She thought back to her Latin lessons. "Circa Regna Tonat? And thus it thunders round the realm?"
"Yes, so it thunders, that every heart should tremble to hear it!"
Hero was not quite sure what he meant, so she said nothing, laying a comforting hand on his shoulder, which shook from exhaustion. After a moment, he seemed to recover and rose briskly from the bench, swiftly moving away from her.
Unmarried women, after all, did not go into the bedrooms of strange men. Even in his dark cave Erik had to cling to some sense of decorum, some trace of the world above.
Hero rose to her feet also, and looked around. "The Requiem, Erik? I cannot say I think very much of your choice of decoration. And the coffin is ghastly, which is perhaps what you hoped to achieve, but it is also very silly, which I think you did not."

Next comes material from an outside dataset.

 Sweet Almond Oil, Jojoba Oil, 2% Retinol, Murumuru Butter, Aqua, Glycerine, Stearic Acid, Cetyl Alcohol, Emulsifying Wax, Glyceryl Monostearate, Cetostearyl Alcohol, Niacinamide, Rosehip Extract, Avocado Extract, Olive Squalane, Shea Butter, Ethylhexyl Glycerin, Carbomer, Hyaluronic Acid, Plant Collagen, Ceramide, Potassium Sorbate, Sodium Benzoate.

He stared at her strangely, without answering, and she found she could not read the look in his eyes. Something inexplicable hung between them, until Hero grew tired of standing around the depressing room.

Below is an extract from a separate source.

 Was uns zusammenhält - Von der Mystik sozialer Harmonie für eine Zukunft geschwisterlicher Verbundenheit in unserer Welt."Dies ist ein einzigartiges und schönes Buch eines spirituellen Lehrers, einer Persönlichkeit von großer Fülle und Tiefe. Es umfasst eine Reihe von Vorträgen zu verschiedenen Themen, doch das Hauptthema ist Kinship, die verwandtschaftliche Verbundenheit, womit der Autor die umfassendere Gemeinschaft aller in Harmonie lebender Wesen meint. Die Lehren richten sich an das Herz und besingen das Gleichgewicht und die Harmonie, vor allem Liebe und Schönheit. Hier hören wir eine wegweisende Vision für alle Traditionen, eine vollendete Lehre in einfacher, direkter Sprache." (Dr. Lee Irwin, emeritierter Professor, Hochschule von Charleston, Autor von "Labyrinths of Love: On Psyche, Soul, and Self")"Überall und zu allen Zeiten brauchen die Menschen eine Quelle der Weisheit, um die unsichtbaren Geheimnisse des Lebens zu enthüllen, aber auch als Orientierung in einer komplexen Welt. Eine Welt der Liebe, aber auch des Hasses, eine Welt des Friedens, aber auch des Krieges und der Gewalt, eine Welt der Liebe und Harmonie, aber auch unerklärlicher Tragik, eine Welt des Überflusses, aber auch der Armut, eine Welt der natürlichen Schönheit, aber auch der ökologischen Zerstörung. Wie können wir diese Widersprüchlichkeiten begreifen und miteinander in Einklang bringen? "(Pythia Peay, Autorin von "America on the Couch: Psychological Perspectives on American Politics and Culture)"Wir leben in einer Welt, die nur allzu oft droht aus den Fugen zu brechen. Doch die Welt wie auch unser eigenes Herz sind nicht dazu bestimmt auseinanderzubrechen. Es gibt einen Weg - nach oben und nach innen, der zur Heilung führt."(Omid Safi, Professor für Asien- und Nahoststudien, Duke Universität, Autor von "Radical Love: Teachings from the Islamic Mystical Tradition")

"I have brought food," she informed him, moving forward and taking his arm without permission. "I'm very sure that part of your problem is the strange diet you keep, and that simply won't do."

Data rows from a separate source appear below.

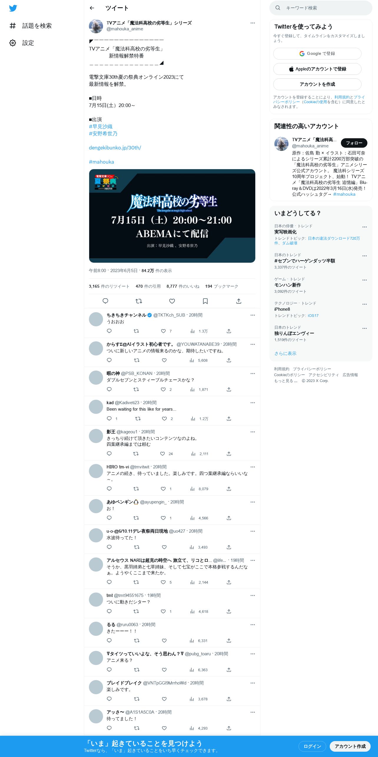 https://twitter.com:443/mahouka_anime/status/1665629532714303488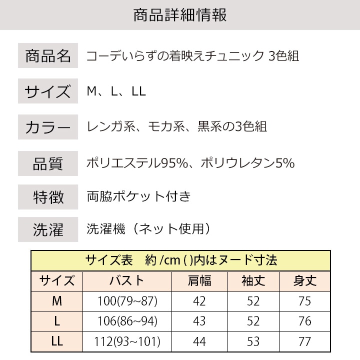 カタログ掲載商品 > C177 > 【70325】コーデいらずの着映えチュニック3色組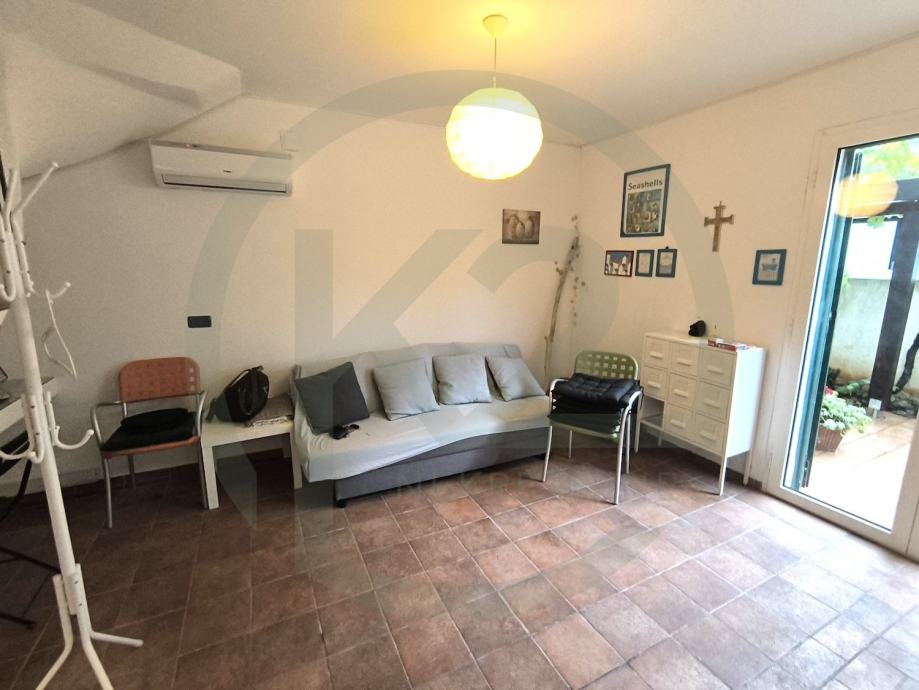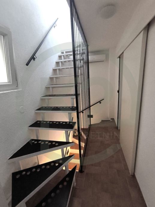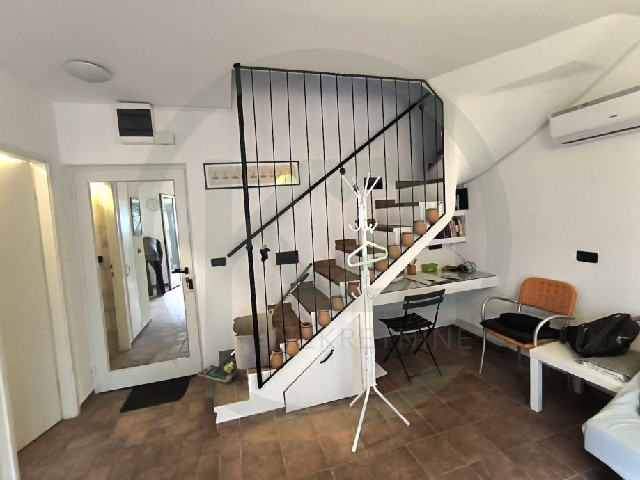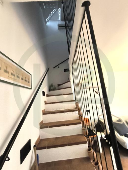 Kuća je potpuno namještena i sastoji se od dnevnog boravka i kuhinje 22,72 m2, kupaonice u prizemlju 3m2, spremište 1m2, terasa u prizemlju 6 m2, spavaća soba 8,3 m2, druga spavaća soba 8,2 m2, kupaonica na prvom katu 3 m2, terasa na drugom katu 12 m2.

She pulled him out of the room, and went to fetch the basket from where she had left it. Ayesha had already found her way to the food and was sniffing around with her front paws on the lid. Hero picked her up unceremoniously and handed her to Erik.
"Do hold the cat, and we'll see what we can do about finding some ham for her," she instructed with a note of infuriating bossiness in her voice. "Careful – she's in a rather wretched temper."
She proceeded into the kitchen, still talking. "I hope that you can cook a little, Erik, because I have it on good authority that I am very bad at it, and so I will need you to keep an eye on what I'm doing."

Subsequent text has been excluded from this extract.